ANALYSIS: Super Tuesday Bringing Super Meltdown to Republican Party
The party of Lincoln may never be the same.
-- This is what a party meltdown looks like.
Faced with the increasing likelihood of a Donald Trump nomination, the Republican Party and its voters are headed in opposite directions -- with destructive potential consequences the likes of which no major political party has seen in more than a century.
Republican voters are on the verge of selecting a nominee. The party establishment, meanwhile, is largely in panic mode -- with talk of a contested convention or third-party candidacies suddenly the most realistic ways to block a candidate they fear will harm the GOP for decades.
Why panic? On the single biggest day of voting until November, the leading Republican candidate is defending his decision to not immediately condemn white supremacists.
The speaker of the House -- the highest-ranking Republican in office -- held a news conference to denounce the front-runner’s action. The party’s most recent nominee labeled it, simply, “disqualifying.”
A Republican U.S. senator is vowing to seek out a “third option” if Trump is the Republican nominee. Conservative commentators are openly speculating about taking over another party for ballot purposes -- the Constitution Party, for instance -- to run a conservative as an alternative to Trump.
Yet, the Trump train rolls, likely through Super Tuesday and well beyond. His chief rivals are left blasting him for, among other things, his spray tan and the size of his hands -- insults worthy of a race for class president, except they might get a student suspended.
It has party leaders perplexed and not amused.
“It shows that there’s not a cohesive party. It’s a group of disparate parts,” said Fred Malek, a Republican operative and fundraiser who has worked in high-level GOP circles for more than four decades. “The only way to win is to coalesce around a qualified and electable candidate.”
That window is closing, and fast. The GOP has no break-glass plan to block a candidate who gets enough delegates to be the nominee from winning the nomination.
How the party got here is a complicated question. It weaves through John McCain’s selection of Sarah Palin as a running mate; the GOP’s awkward embrace of the tea party movement that rose in reaction Obama presidency; the turn toward celebrity in politics that both parties have sought to channel; and the exquisite and flamboyant salesmanship of Trump, who has remade the rules of politics by running on themes voters are responding to in shocking numbers.
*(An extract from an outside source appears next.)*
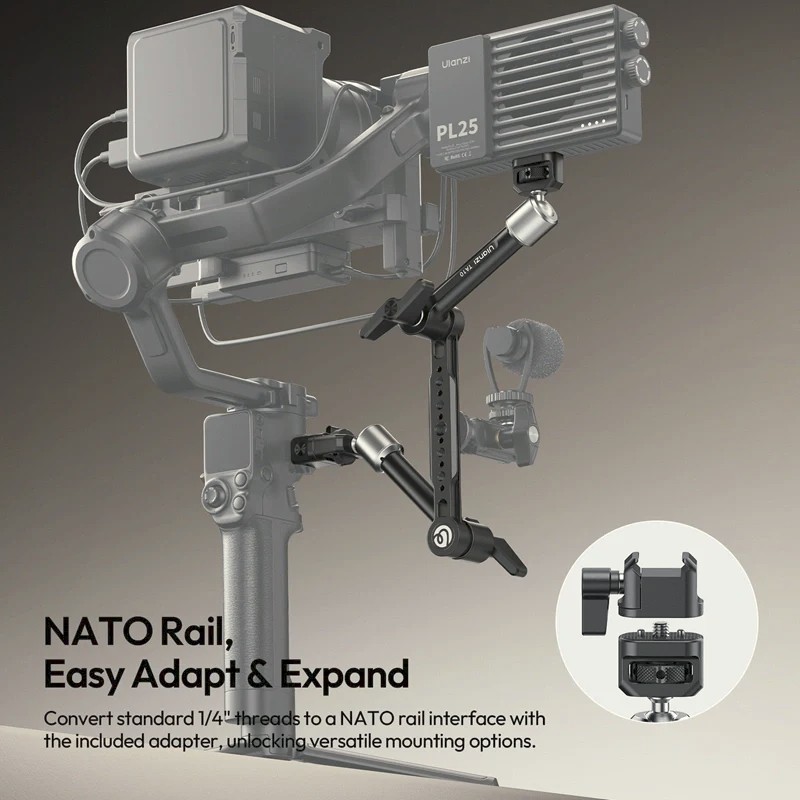 Priloženi adapter NATO na ¼"-20 dodatno izboljša združljivost, zaradi česar je TA10 odlična izbira za profesionalne kamere, studijske postavitve in mobilna snemalna okolja.

How the party gets from here is perhaps more complicated. Trump may still get blocked via the front door, though options for denying him a majority of delegates are limited, given the still-divided nature of his opposition.
Trump has repeatedly threatened to go third-party himself if the GOP establishment tries to steal the nomination from him. Whether it’s Trump or someone else going that route, it’s hard to imagine a scenario where that doesn’t result in the election of a Democrat to the White House -- Hillary Clinton, most likely.
Trump himself has shown a repeated capacity for defying expectations. He should not be underestimated in his appeal to working-class voters, and building new and unexpected coalitions of voters.
Republican Party leaders have boasted of the turnout records they’re setting in early-voting states -- evidence, they say, that the GOP can grow and is growing, even while Democratic turnout falls well short of 2008 levels.
The chairman of the Republican National Committee, Reince Priebus, has made clear that the only bet that matters this year is on the White House.
“We're cooked as a party for quite a while as a party if we don't win in 2016,” Priebus said in October, back when most in the party assumed Trump would collapse by now.
Trump can demonstrate broad regional appeal today, and begin to put together a sizable delegate lead. It’s starting to get warm.